В этом невиданном зрелище участвовало свыше 4 тысяч горожан, а на обоих берегах Невы и на мостах собралось около 35 тысяч зрителей.

Старая большевичка П. Ф. Куделли писала об этом празднике в «Петроградской правде»:

«Страна, в которой главным действующим лицом являются организо­ванные массы, организованный коллектив, выдвигает и в области искусства коллективного героя, коллективное творчество масс, блестящим образом представленное в первый раз в Советской России в день 1 Мая. …Глядя на это массовое зрелище, на море голов исполнителей и зрителей, казалось, что живешь в новой стране, на новой планете, где уже расцвел пышным цветом коммунистический строй».

Над оформлением города в те дни работали художники Юрий Анненков, Мстислав Добужинский, Владимир Щуко и многие другие.

1 мая 1920 года в Петрограде. Макет глобуса с транспарантом «Владыка мира — труд!»
1 мая 1920 года в Петрограде. Антипольский митинг
Хроникальные кадры празднования 1 мая 1920 года, Москва

Но тот же Виктор Шкловский был не удовлетворен масштабом праздника и вносил свои предложения:

«Я думаю, что можно создать художественные произведения, противопоставив Выборгскую сторону Петербургской.

…Может быть, можно еще усилить масштаб и развернуть композицию на весь город вместе с Исаакием и воздушным шаром над площадью Урицкого.

В таком спектакле актерами должны были бы выступить и могли друзья-мостовые, и подъемные краны над Невой, пред­вестники братьев моих, марсиан Уэллса. И прожектор дирижи­ровал бы сразу всеми оркестрами города и барабанами пушек».

Как надо работать

Когда гудят утренние гудки на рабочих окраинах,
это вовсе не призыв к неволе. Это песня будущего.
Мы когда-то работали в убогих мастерских
и начинали работать по утрам в разное время.

А теперь, утром, в восемь часов, кричат гудки для целого миллиона.
Теперь мы минута в минуту начинаем вместе.
Целый миллион берет молот в одно и то же мгновение.
Первые наши удары гремят вместе.
О чем же поют гудки?
— Это утренний гимн единства.

Так писал пролетарский поэт Алексей Гастев в 1913 году в стихотворении «Гудки».

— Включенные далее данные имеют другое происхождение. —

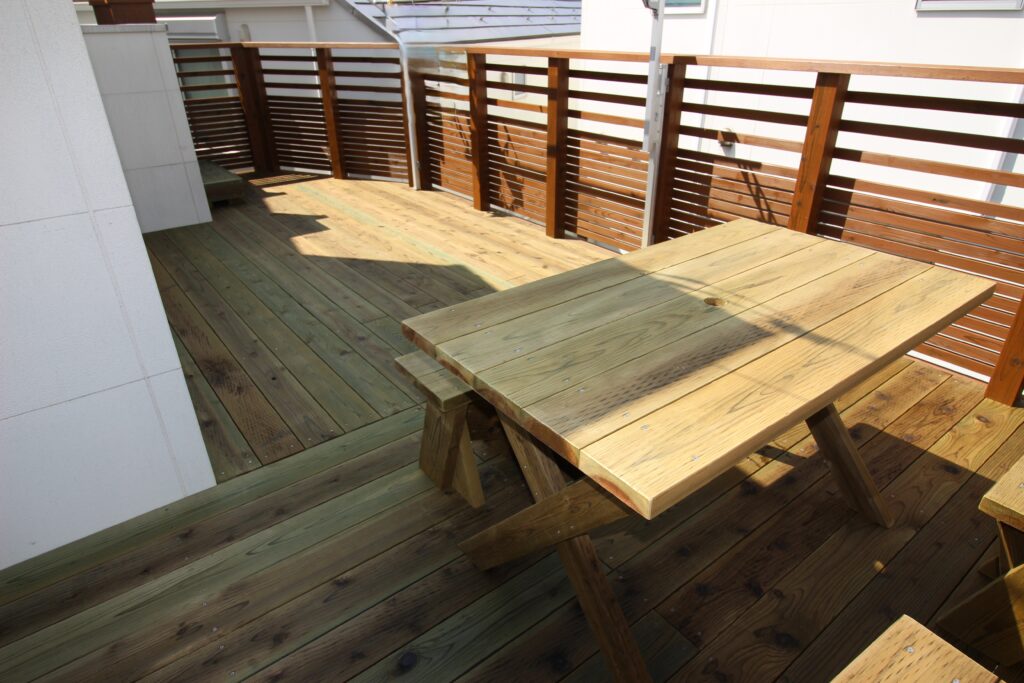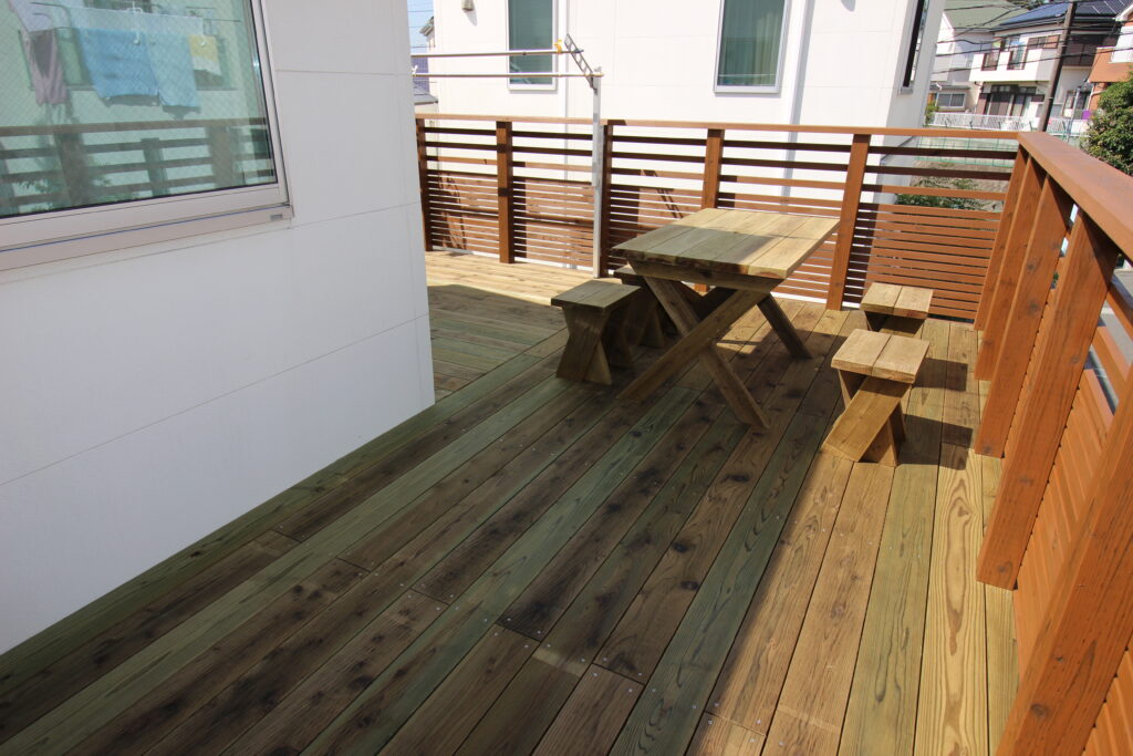 L字型のウッドバルコニー、LBウッドのテーブルとイス
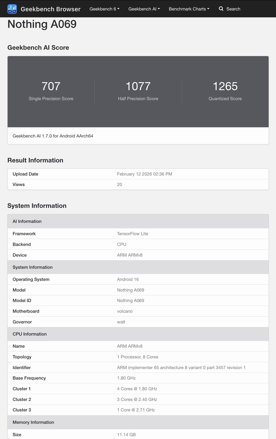 ・Nothing A069 - Geekbench AI Score - Geekbench

Именно такое отношение к теме индустриального труда было характерно для многих художников той эпохи. Так, режиссер Дзига Вертов записывал в дневнике: «Я боюсь сказать слово „влюблен“ относительно моего отношения к этому заводу». Но Гастев был редким человеком, в котором сочеталась не только лирическая и практическая стороны.

Отойдя со временем от поэзии, он занялся изучением научной организации труда (сокращенно —НОТ). Своим главным художественным произведением он считал Центральный институт труда (ЦИТ), основанный в Москве в 1920 году.

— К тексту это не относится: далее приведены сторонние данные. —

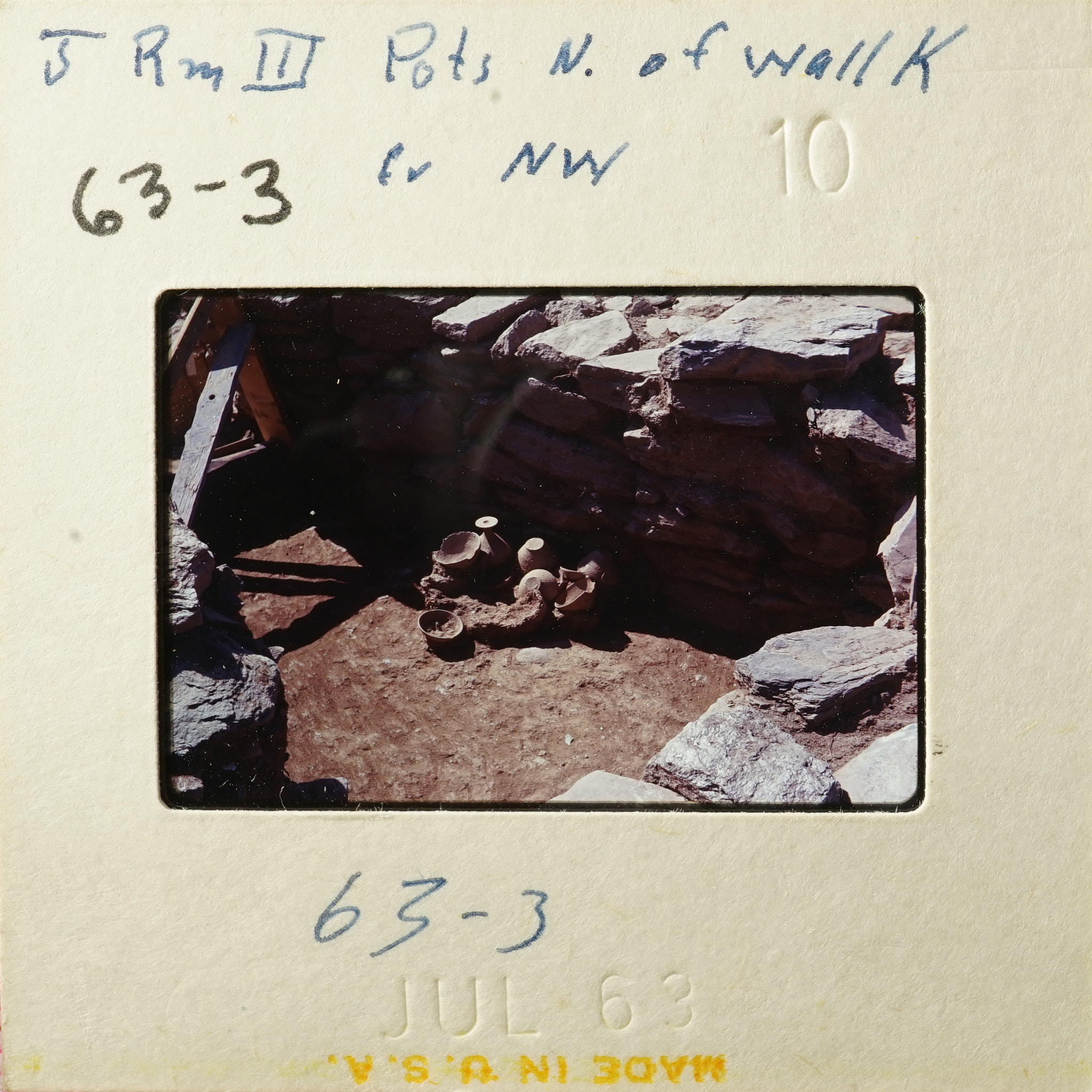 - Frame inscribed: J Rm III Pots N. of wall K fr NW 63-3 63-3.
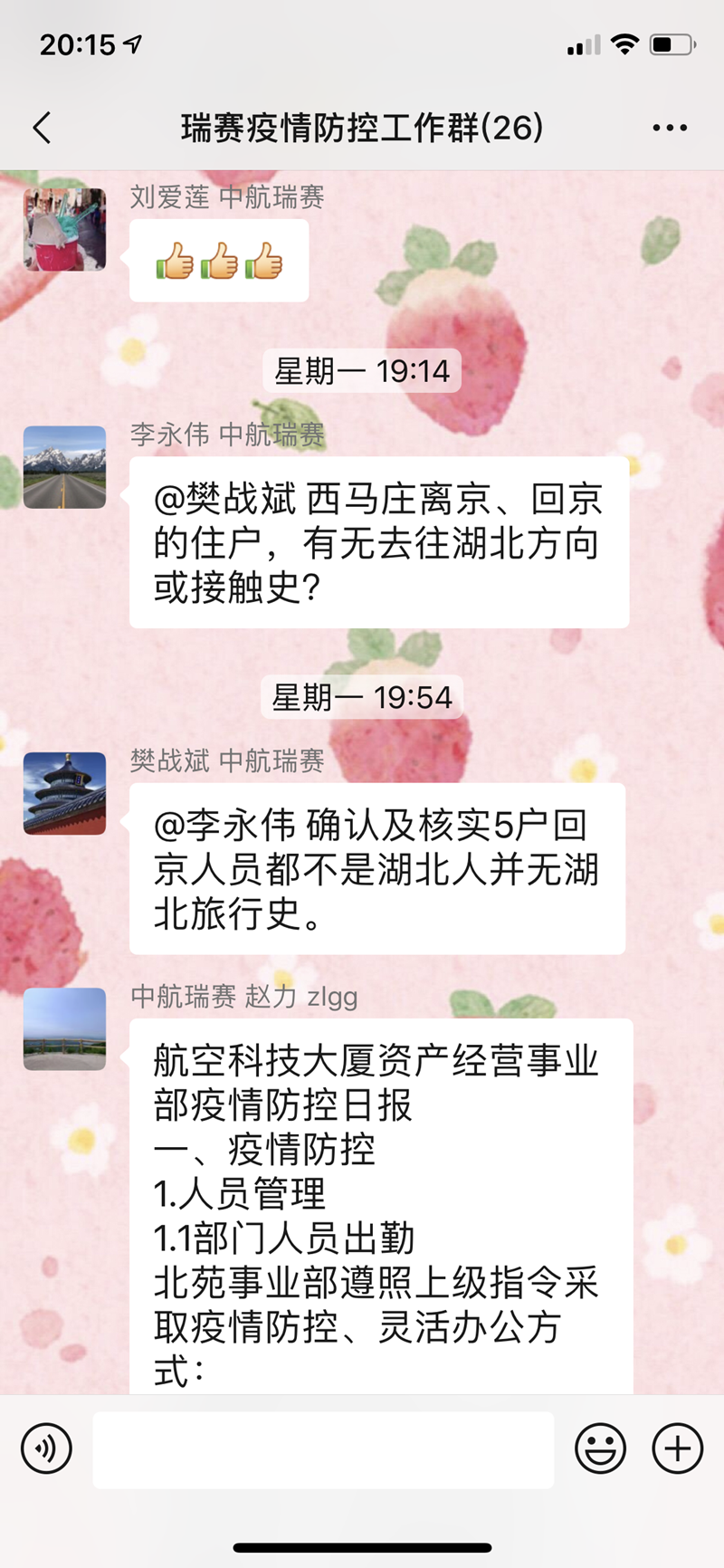 其实,在疫情发生之初,公司领导班子就对疫情非常重视,第一时间召开党委会暨疫情防控领导小组专题会议,通过视频会议,研究部署疫情防控工作,指导各部门积极开展防疫期间重点工作。疫情期间,李永伟等领导班子成员实时统筹部署重点防疫防控工作,密切监控各下属单位疫情情况、防控措施、人员管控及一线工作开展情况,根据上报情况实时进行批示、指导、监督,赴北苑航空科技大厦、瑞赛苑区等地检查防控部署情况,看望慰问一线干部职工。同时,组织各部门制定疫情期间灵活办公,对近期工作计划、各项工作指标进行评估。综合管理部居中协调,上传下达,统筹调配各单位、各部门防控工作开展及物资储备等工作。人力资源部为保证工资正常发放、维持稳定,排除困难,进行统计,与计划财务部一起按时发放工资,确保员工情绪安定;计划财务部同时进行各类测算工作。党建文宣部积极开展疫情防控宣传工作,解读各项国家政策、进行各类防控知识科普、及时传达公司动态;工会广泛咨询渠道,通过各种方式,协助寻找口罩、消毒用品等购买渠道,保障员工需求。战略资本部、地产事业部、资产经营事业部、航空科技大厦资产经营事业部密切掌握和联系京内京外各下属单位、各个项目的疫情防控情况,每日上报最新数据,并针对实际情况及时请示领导,提出建议......
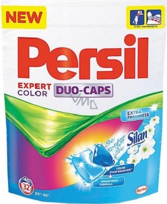 První dvoukomorová prací kapsle Persil Duo-Caps zajistí zářivé a dokonale čisté oblečení beze skvrn tím nejpohodlnějším způsobem. Díky použití nejnovější výrobní technologie jsou jednotlivé účinné složky v kapsli Persil Duo-Caps oddělené. Jsou tak zcela chráněny a uchovávají si 100% účinnost až do prvního kontaktu s vodou během pracího cyklu. Pak se okamžitě rozpouští.

Основной задачей института была подготовка квалифицированной рабочей силы: токарей, монтеров, кузнецов… Он начал с изучения простейшей рабочей операции — удара — и установил систему наиболее правильных движений при рубке зубилом, такую систему он назвал «нормаль». Выполнение трудовых движений в заданном алгоритме позволяло увеличить производительность труда и уменьшить усталость. Во многом в своей работе Гастев вдохновлялся «тейлоризмом», аналогичным движением в Америке, разработанным инженером Ф. У. Тейлором. В первые годы советской власти такие симпатии еще не считались зазорными.

Гастев написал несколько книг, где излагал свои взгляды на вопросы профессионального движения и организации труда: «Индустриальный мир», «Как надо работать», «Юность, иди» и другие. Разработав свою методику, он перешел к массовому обучению: из вчерашних крестьян за пару месяцев делал квалифицированных рабочих. Но судьба его оказалось печальной, как у многих идеалистов той эпохи. С приходом к власти Сталина ЦИТ упразднили. А Алексей Гастев был арестован НКВД по абсурдному обвинению в «антисоветской деятельности» и расстрелян в 1939 году на полигоне Коммунарка.

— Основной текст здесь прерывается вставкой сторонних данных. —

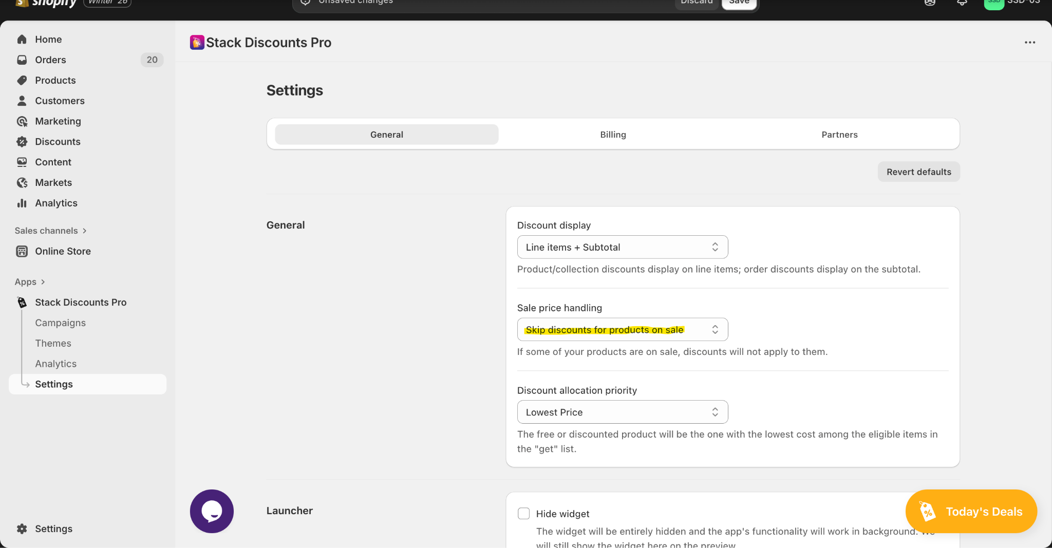 To exclude products that are already on sale (have compare-at price) from additional discounts, open the app and go to Settings.
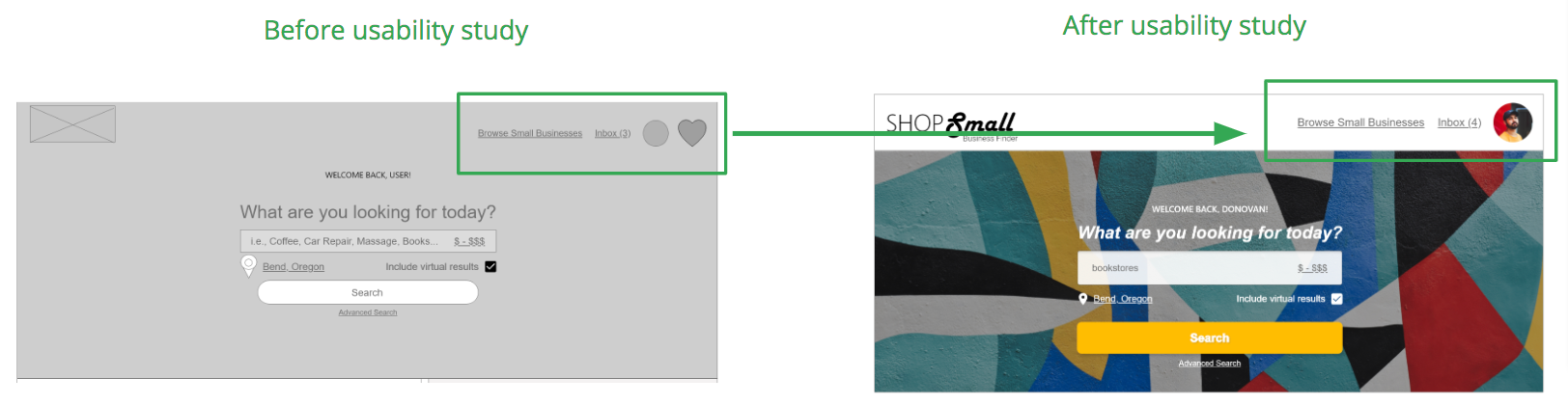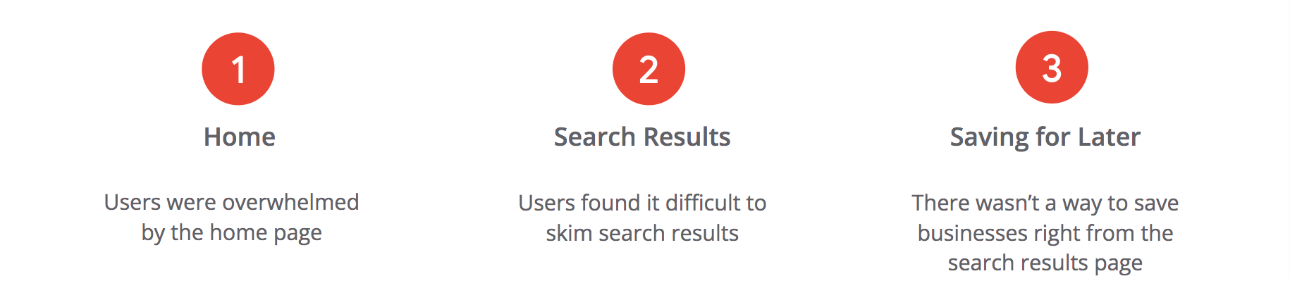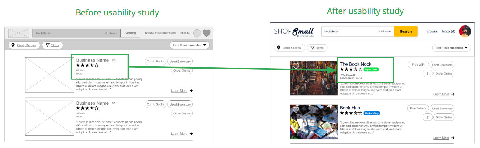 Based on the insights from the usability study, I made it easier for users to find out if a small business is currently open, closed, or online only by adding tags to the search results.

Описание Циклограмма рубки зубилом. А. К. Гастев в педагогической лаборатории ЦИТ. 1922–1924 гг. Источник: «Трудовые установки», М.: ЦИТ, 1924.
А. К. Гастев. Иллюстрации из книги «Как надо работать»
Тренаж
Топор… Вечно юный дедушка
Вы победите, вы достигнете
Делайтесь артистами работы

Когда страна прикажет быть героем

Судьба Гастева — очень показательный маркер изменения эпохи. Меняется отношение к первомайским демонстрациям. При царе они были демонстрацией протеста. В первые годы после революции — многотысячными стихийными праздниками футуристов и левых художников. В 1930-е — уже окончательно становятся знаком единства партии и народа.

Но за громкими лозунгами уже не остается ничего настоящего. Именно в 1930 году Сталин провозглашает лицемерный лозунг: «Труд есть дело чести, дело славы, дело доблести и геройства», который впоследствии украшал ворота многих советских лагерей, где доблестно трудились миллионы заключенных.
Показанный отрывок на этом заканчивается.